**Instructions for the task**
From the listing below, please restate exactly the lines beginning at the one with "Форма бумажная для" and ending at the one with "Ledowa lampa 6,7", both included, and skip the pictures.

-------- Exercise materials

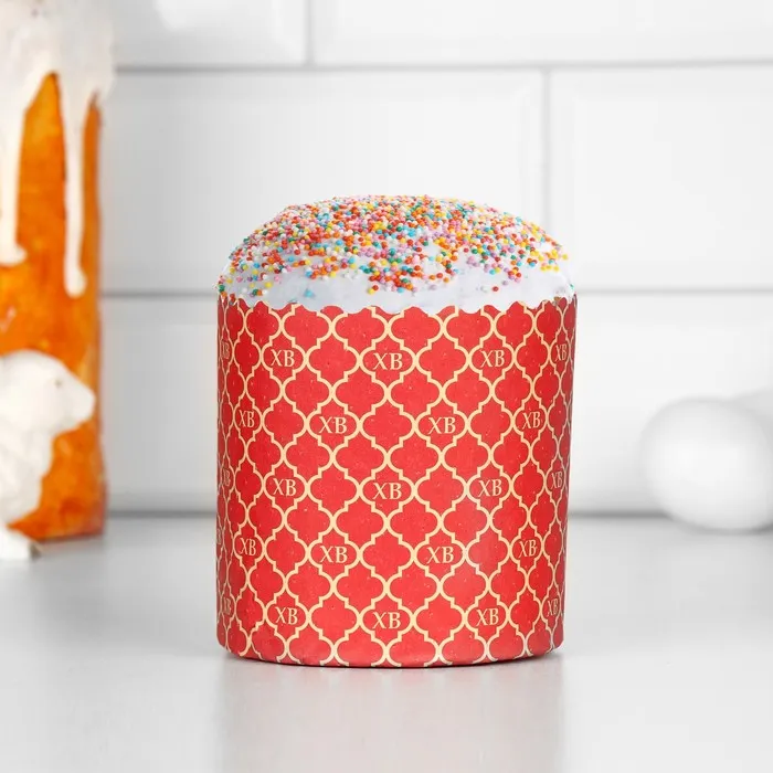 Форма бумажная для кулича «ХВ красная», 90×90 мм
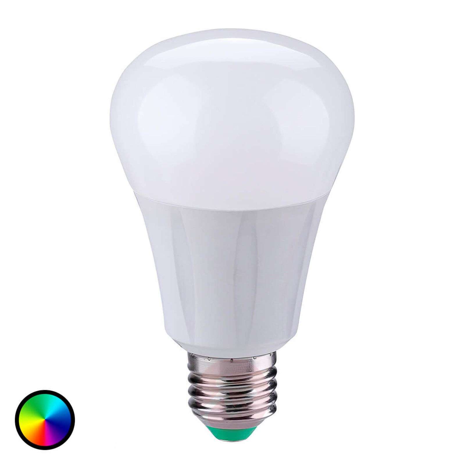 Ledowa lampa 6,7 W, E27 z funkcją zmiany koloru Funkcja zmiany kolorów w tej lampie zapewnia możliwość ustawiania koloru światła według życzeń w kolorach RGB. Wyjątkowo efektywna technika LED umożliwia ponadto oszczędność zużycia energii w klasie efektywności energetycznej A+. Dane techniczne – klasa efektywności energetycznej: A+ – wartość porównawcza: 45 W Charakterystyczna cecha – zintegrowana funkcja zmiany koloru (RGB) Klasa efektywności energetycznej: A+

----------------
-------- Exercise materials

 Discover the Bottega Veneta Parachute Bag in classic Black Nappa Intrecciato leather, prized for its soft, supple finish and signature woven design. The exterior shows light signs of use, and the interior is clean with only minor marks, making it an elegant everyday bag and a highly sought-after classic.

----------------

**Solution for this task**
 Форма бумажная для кулича «ХВ красная», 90×90 мм
 Ledowa lampa 6,7 W, E27 z funkcją zmiany koloru Funkcja zmiany kolorów w tej lampie zapewnia możliwość ustawiania koloru światła według życzeń w kolorach RGB. Wyjątkowo efektywna technika LED umożliwia ponadto oszczędność zużycia energii w klasie efektywności energetycznej A+. Dane techniczne – klasa efektywności energetycznej: A+ – wartość porównawcza: 45 W Charakterystyczna cecha – zintegrowana funkcja zmiany koloru (RGB) Klasa efektywności energetycznej: A+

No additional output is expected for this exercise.